Nous allons décliner tous ces bleus avec vous, mais commençons par le début et notre arrivée à Mayaguana !
Les turquoises entre stress et émerveillement
Lors de notre arrivée aux Bahamas, nous avons tout de suite été émerveillés par les camaïeux de bleus et ce malgré le stress de devoir naviguer dans des eaux de très faibles profondeurs.
Nous découvrions la navigation dans les passes, ces petits chenaux qui se faufilent entre les cayes et qu’il faut suivre avec précision pour ne pas talonner. Certes nous avons un dériveur, ce qui nous permet de remonter la dérive et même le safran, mais quand tout est remonté, le bateau est peu manœuvrant et il faut donc trouver le meilleur compromis entre tirant d’eau et manœuvrabilité. Ça discute à bord, il y a une passe assez proche de notre route, mais elle est étroite et il y a 25 nœuds établis avec de fortes rafales et la mer qui va avec… nous pointons notre étrave vers la passe et décidément, nous ne le sentons pas avec ce vent de travers et nous choisissons de prendre la passe Ouest, cela nous rallonge mais nous semble plus sérieux car la passe Ouest est plus large et le vent de face sera plus facile à gérer.

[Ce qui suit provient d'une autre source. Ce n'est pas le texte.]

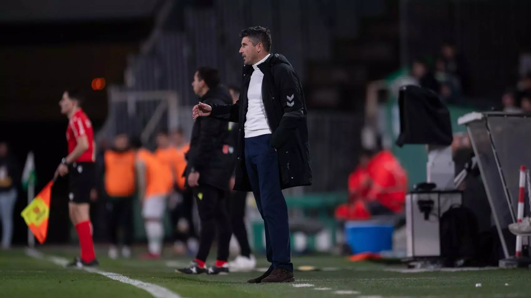 Posibles rotaciones: «Hay que guardar sorpresas, quien quiera verlo que venga al calentamiento. Los apercibidos se van acumulando pero tenemos la tranquilidad de los posibles sustitutos, si tú subes el telón el domingo ves a 11, piensas que lo están haciendo bien. Alfonso, David, Einar, y si bajas el telón y ves de lunes a sábado os sorprendería los que están entrenando, viendo eso estaríais tranquilo. Ves entrenar a Montero, a Eneko, a Juanpe o a Carlos y ves el gran nivel de los titulares. Estamos muy tranquilos.»

Nous voilà parti, Dominique à la barre avec un œil sur le sondeur et l’autre sur l’application Navionics de la tablette, Christine à l’avant, les deux yeux scrutant les fonds !

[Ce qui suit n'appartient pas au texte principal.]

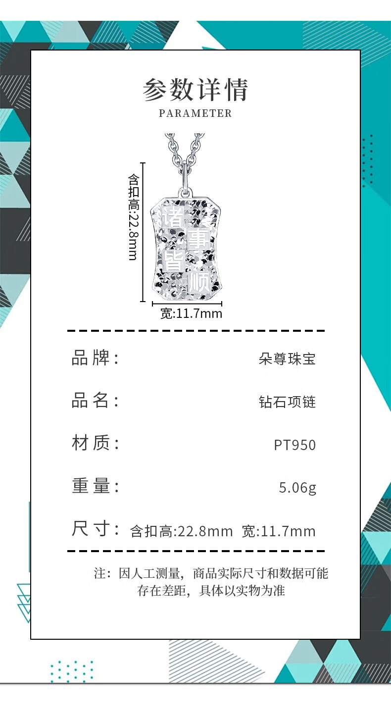 Duozun pt950 genuine platinum pendant, everything goes well with Fang brand women's single set of platinum necklace new birthday gift, everything goes well with Fang brand pendant 4.9g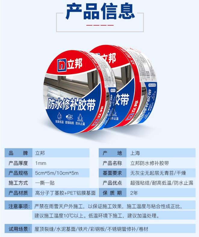 立邦防水膠帶,耐高低溫、超強(qiáng)粘結(jié)、防水止漏、施工便捷

Quand c’est clair, il faut essayer d’évaluer la profondeur (en fait, c’est impossible) mais quand c’est foncé, il faut contourner car c’est probablement une patate de corail.
Il nous a fallu plus d’une heure pour traverser le lagon et nous avons dû à un moment remonter le safran rapido presto car la profondeur diminuait rapidement !
Bon, c’est fait ! Nous voilà ancrés par moins de 3 mètres de fond et nos yeux sont enfin totalement disponibles pour admirer les couleurs du lagon d’une beauté à couper le souffle!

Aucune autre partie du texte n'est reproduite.